So overall, I would like to say this is a wonderful program. The teaching methods and system is good. The people running it are top notch. I almost wonder if they are the 'best' of the teachers because they too get to work remote. For those who are interested in primarily living aboard at a marina and being pretty fixed to one spot, I would recommend it. For those who are cruising, it is tough to make it work. Many of the things that make up the positives of this program are actually negatives for cruising families.
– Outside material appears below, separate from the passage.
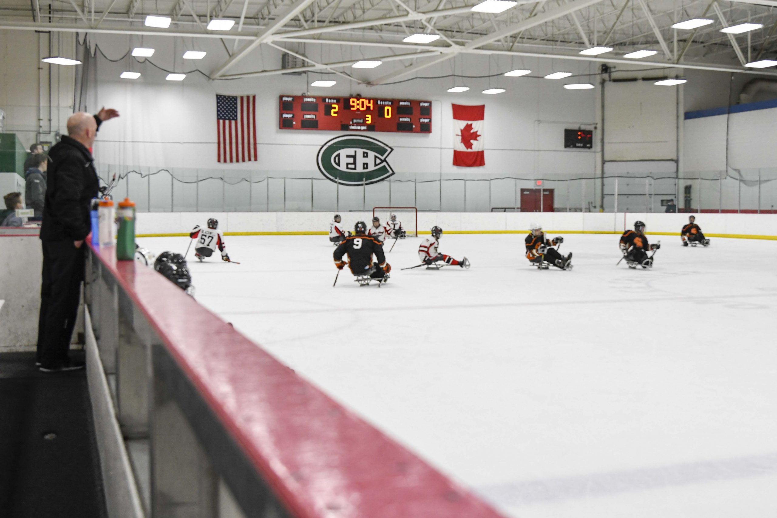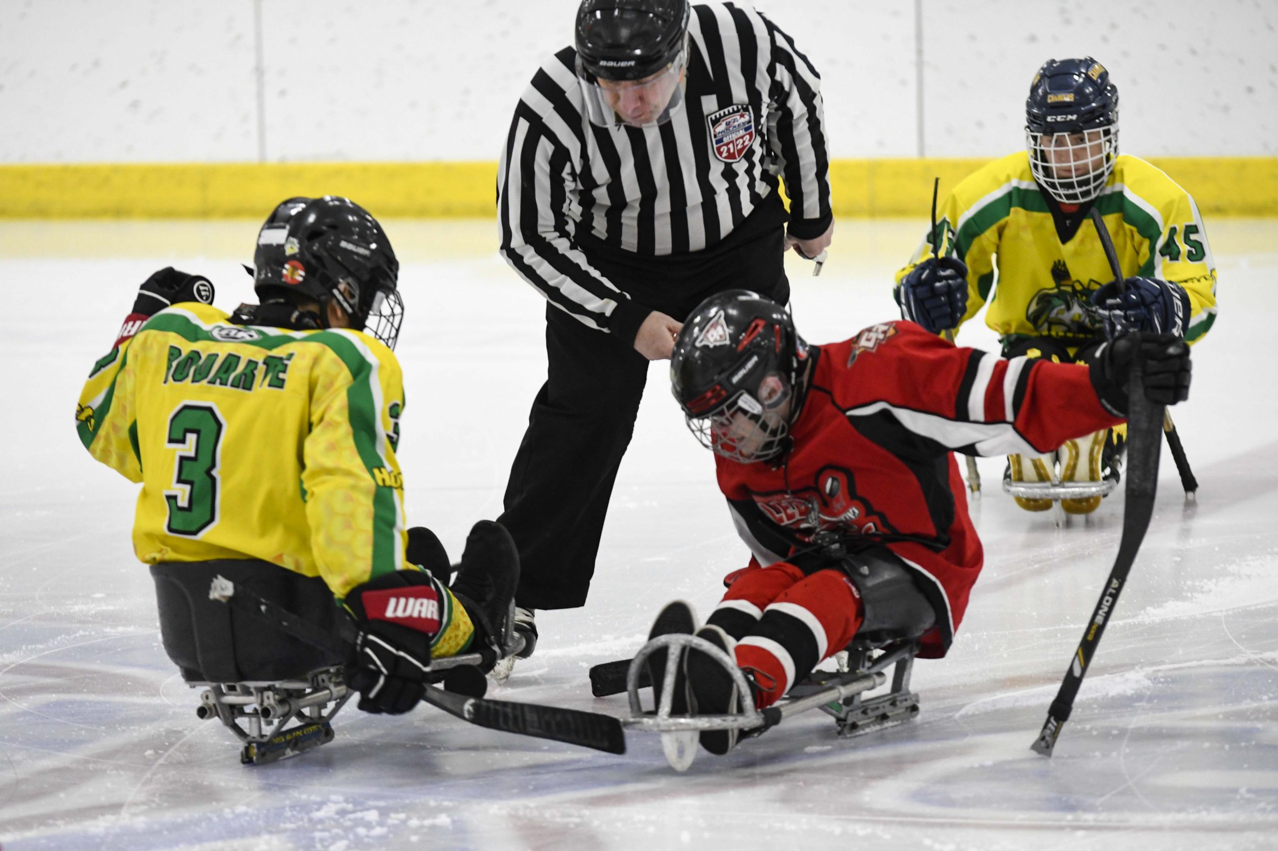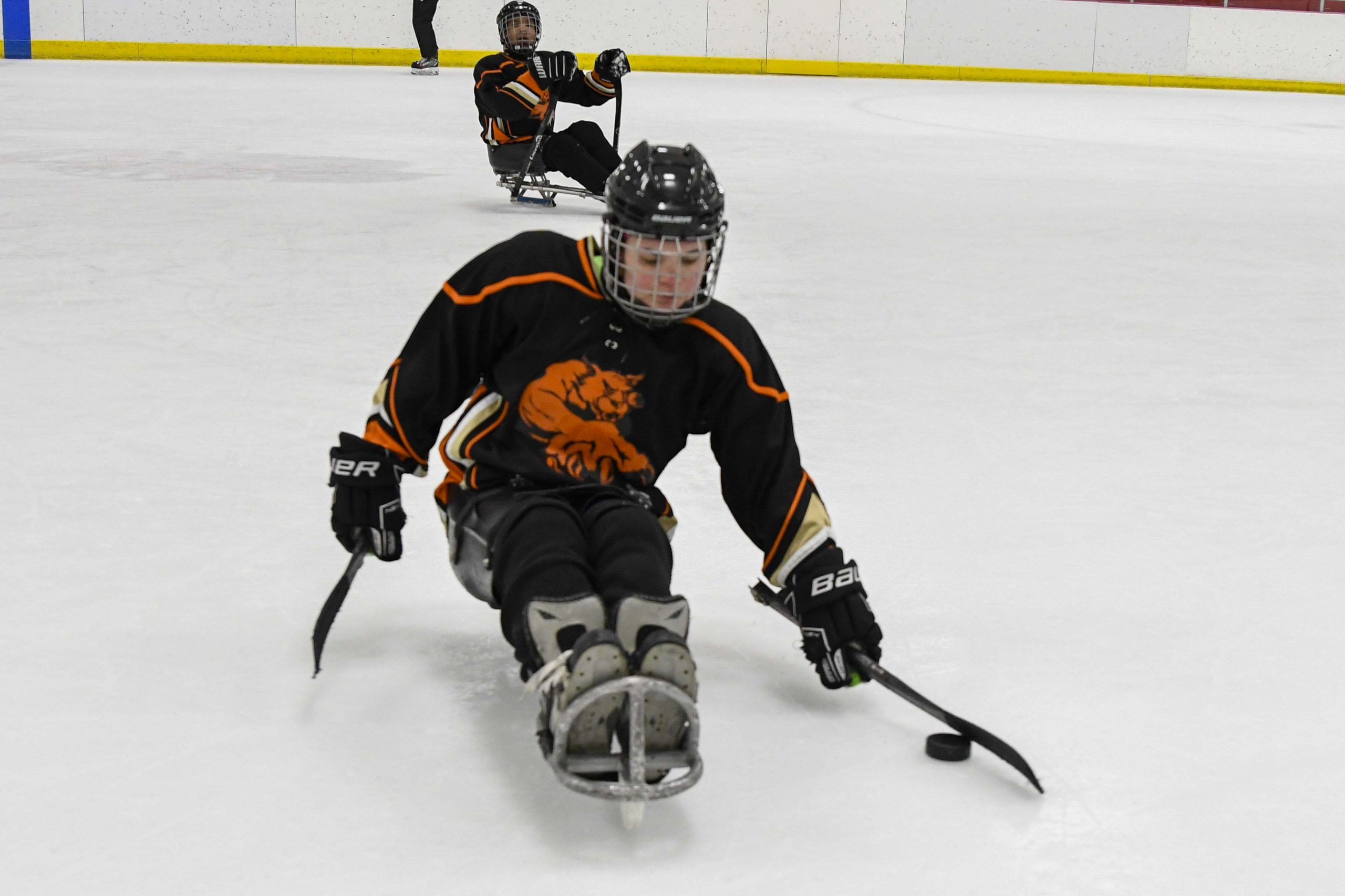 Games are played the same as far as the rules of hockey. The difference is in the equipment. The players are on a hockey sled, which is an aluminum frame with a plastic bucket on it. A player sits in the bucket and underneath them are two actual steel skate blades that are sharpened in the same way as a hockey skate.

There ya go. A years review for those parents who are interested.

Brian

PS It appears we are going to move into a different program this year called SeaScape. I will update on it when we are settled in it.


----------



## mark2gmtrans

There are several sites which are very helpful, one place that has compiled a great list of these resource is run by the publisher Houghton Mifflin Harcourt, called Education Place.

Homeschooling

A resource for printer friendly worksheets is Jane Pimetel Printable Math, it does a lot more than just math, there are grammar and punctuation, math, science and many other worksheets for kids from K-12.
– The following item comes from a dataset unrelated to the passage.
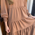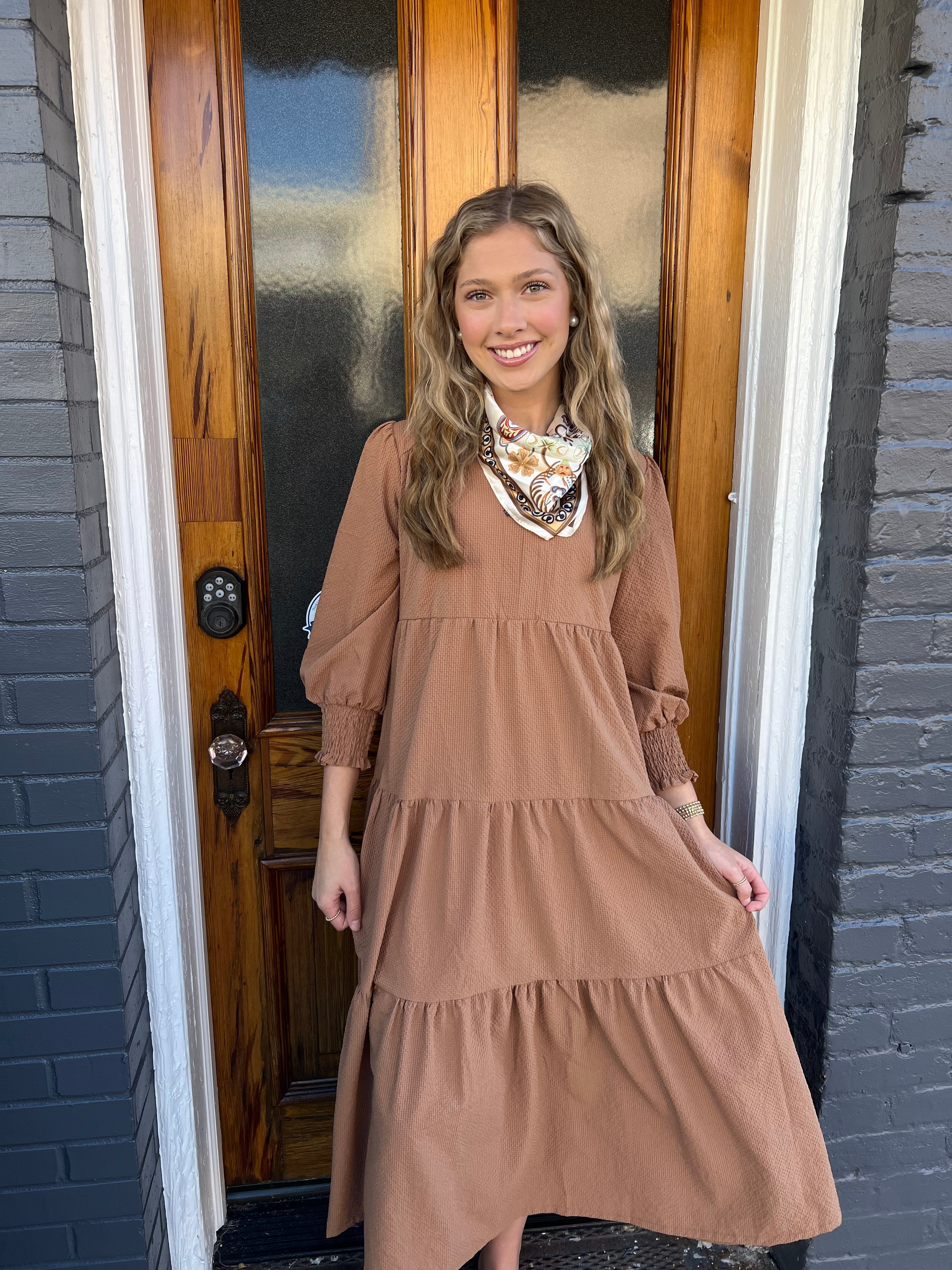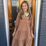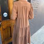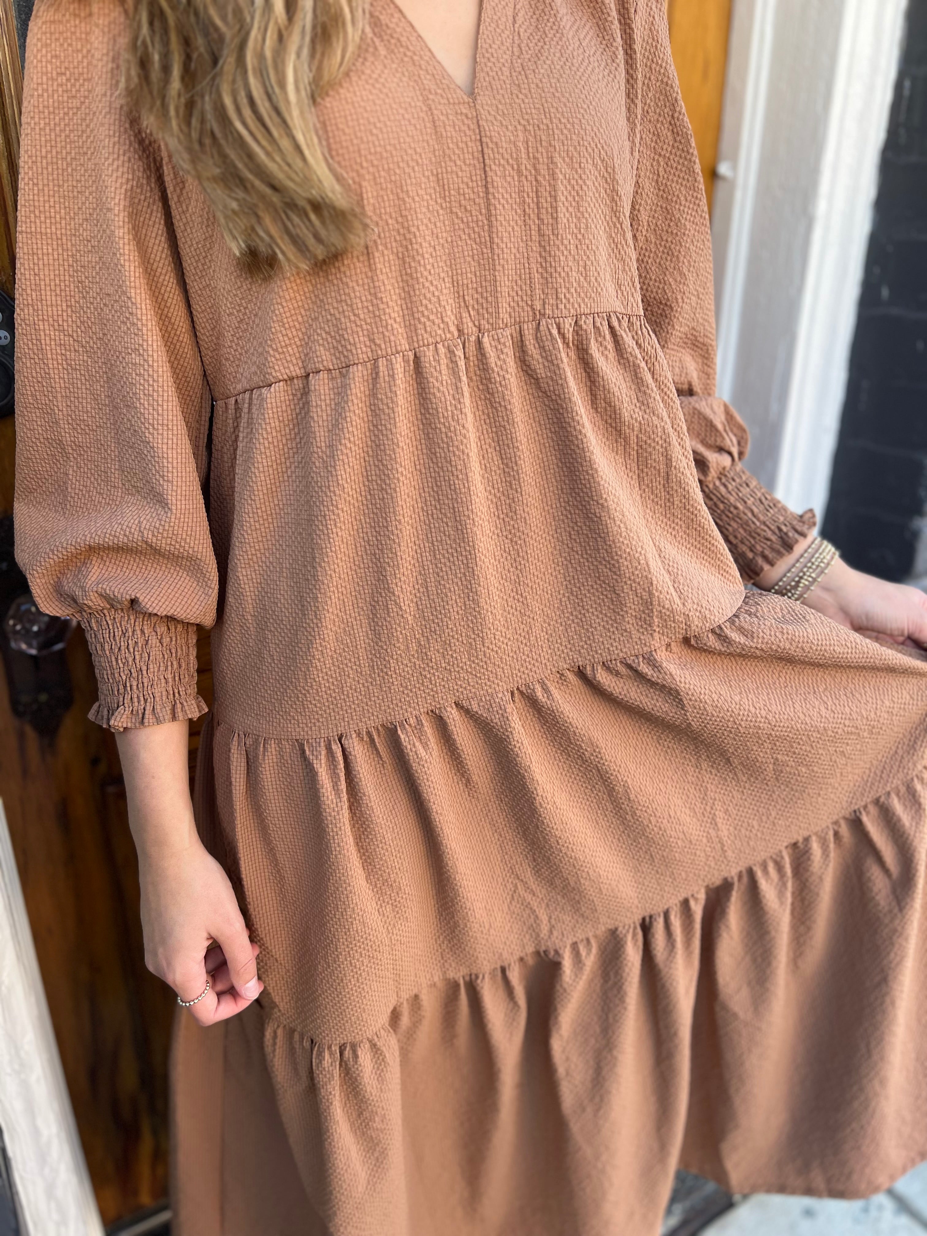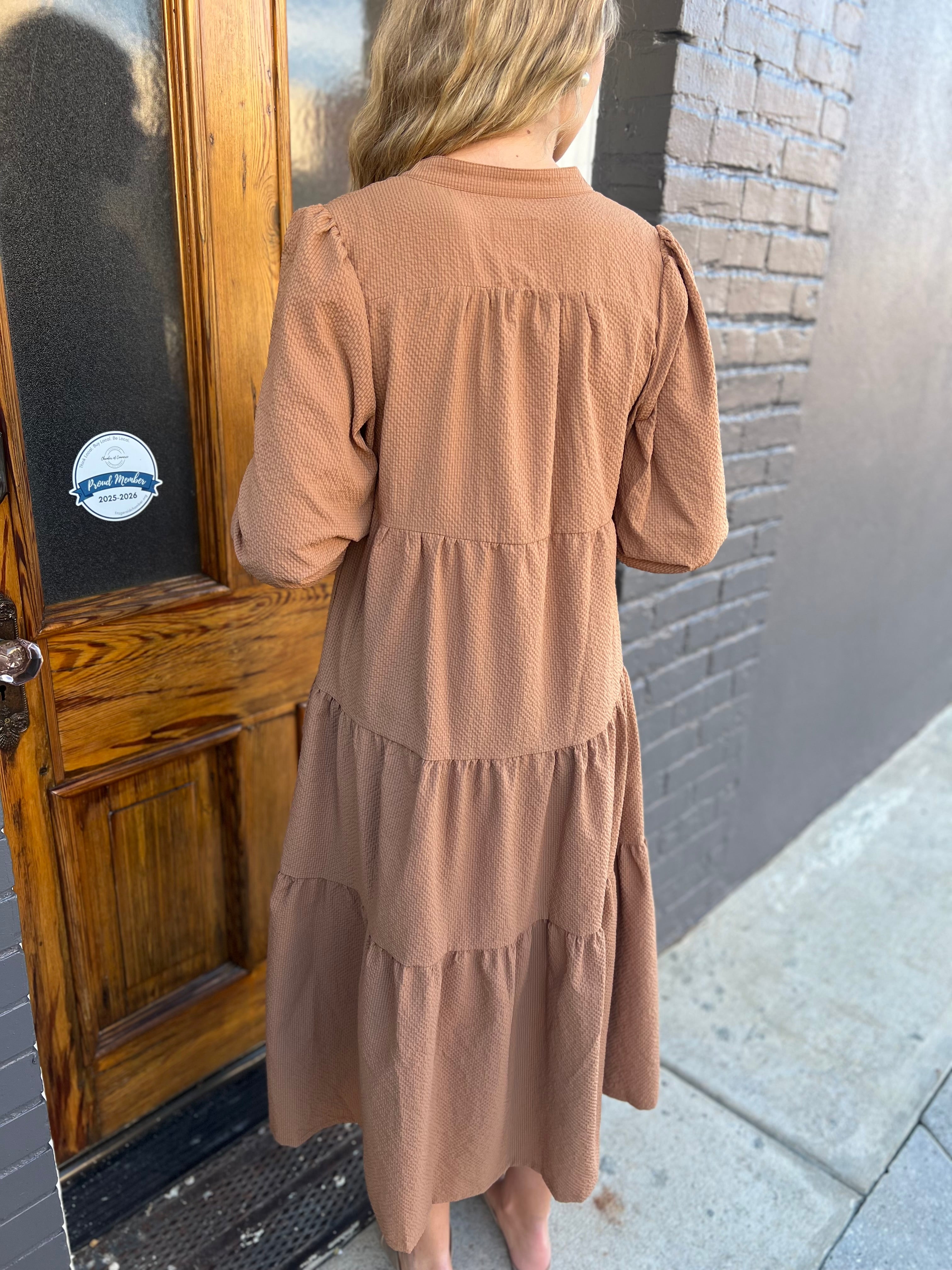 Elevate your wardrobe with the All Eyes On You Midi in Mocha. Crafted from textured fabric, this tiered midi dress features a stylish split neck that adds a subtle edge. Designed to flatter from sizes S to 2XL, it offers both comfort and confidence for any occasion. Make a statement effortlessly with this versatile, chic piece.

Janepimentel Printable Math

For those who are interested in a Christian education system which has had students accepted into many colleges and universities without problems there is one source that stands out for longevity and meeting a higher standard than unguided systems. A.C.E. Accelerated Christian Education has been in business for more than 40 years. This system uses work books that have a child working at their own pace, to develop a very good education. The course work covers a very broad range and is easily administered by a parent or small group of parents.
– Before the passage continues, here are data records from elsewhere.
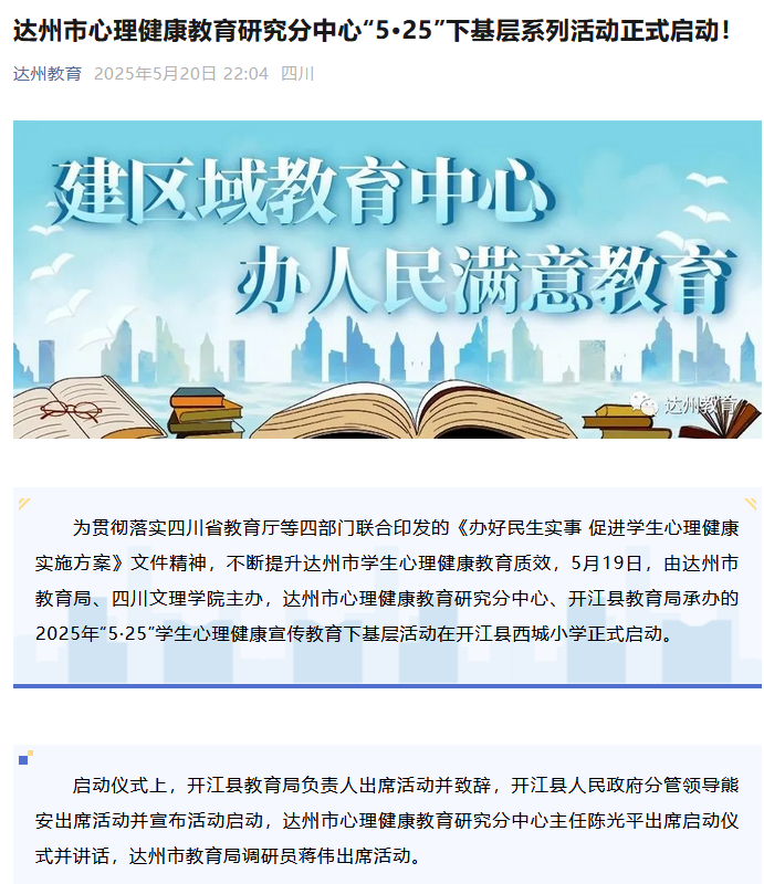 为贯彻落实四川省教育厅等四部门联合印发的《办好民生实事 促进学生心理健康实施方案》文件精神,不断提升达州市学生心理健康教育质效,5月19日,由达州市教育局、ac米兰官网中文网站主办,达州市心理健康教育研究分中心、开江县教育局承办的2025年“5·25”学生心理健康宣传教育下基层活动在开江县西城小学正式启动。
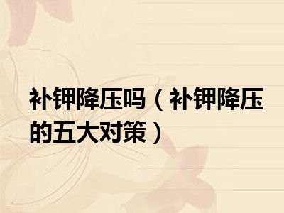 目前大家应该是对补钾降压的五大对策比较感兴趣的,所以今天小编CC就来为大家整理了一些关于补钾降压的五大对策方面的相关知识来分享给大家,希望大家会喜欢哦。
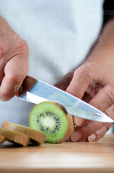 Женские руки режут киви, крупный план
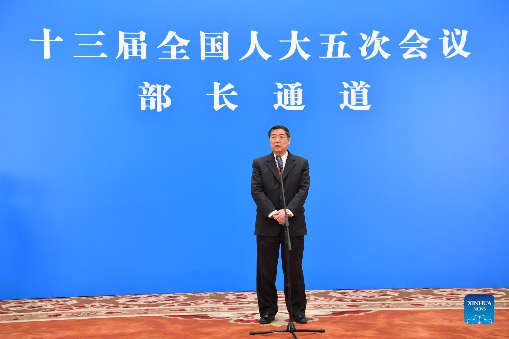 Minister interviewed via video link after opening meeting of 5th session of 13th NPC
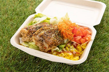 メニュー紹介/粒立ちが良い雪若丸のサフランライスは甘辛い味付け。ジューシーなグリルチキンと野菜たっぷりなクセになる一品。
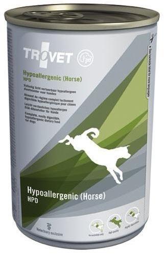 A Trovet Hypoallergenic Horse konzerv egy teljes értékű , diétás nedves eledel táplálékérzékenységben szenvedő kutyák részére, ízletes lóhússal és burgonyával . A Trovet lóhúsos nedves eledele ételallergia vagy ételintolerancia esetén ajánlott. Ez a táp megszünteti az allergiával járó tüneteket , úgy mint a bőr-és szőrproblémákat, az emésztési panaszokat, a

Accelerated Christian Education

Here is a partial list of the colleges and universities that have accepted ACE students: http://www.aceministries.com/aboutus/pdf/CollegeUniv.pdf

There are a ton of resources out there for parents who wish to home school their kids, one of the most important aspects of home schooling is the same one that is important when your children are going to public or private school on land. You have to be engaged in your child's education no matter where your children go to school. Teachers and administrators are not parents to your children, and good parenting is the key to producing good children.

I would encourage anyone who has school aged children on land or at sea to become more involved, and to take a full interest in the education of your children.


----------



## gmengg

Its nice idea bout home schooling. I like it. Kids can get more understanding and knowledge at home from their mom. That I think.


----------



## GEMINIDREAMS

HI Cruising Dad,

Some things we have done over the last couple years in Boatschool. (age 12)

Finding secular all inclusive courses are more difficult than finding "Fire and Brimstone" courses.

It takes a little forthought but we are eclectic on the courses. We are by no means an "unschool" but we left public school as much to avoid the socialization of continuing the degredation of the American Population that has blossomed since 1977 and "No Child Left Behind". The headline facing out on the local news paper rack the other day said... (paraphrazed) "Teachers not teaching kids at school to make extra money by tutouring."

Math is Teaching Textbooks, My son started on TT5 two years ago and is now starting TTalgebra1. That is two TT courses a year. His old class mates would be starting 7th grade math. His sister still in public school starts algebra 1 as an honors class in 9th grade this year. You can resell the course and break even if you are lucky.

Grammar is Saxon Grammar for his age group at the moment. Don't even bother with trying to save the course for resale. The newsprint is history by the end of the year on a boat. $35 if you buy used from those land based people. $75 new

Science has been Florida textbooks and suplementary stuff I add. Buy on ebay for about $10 a year.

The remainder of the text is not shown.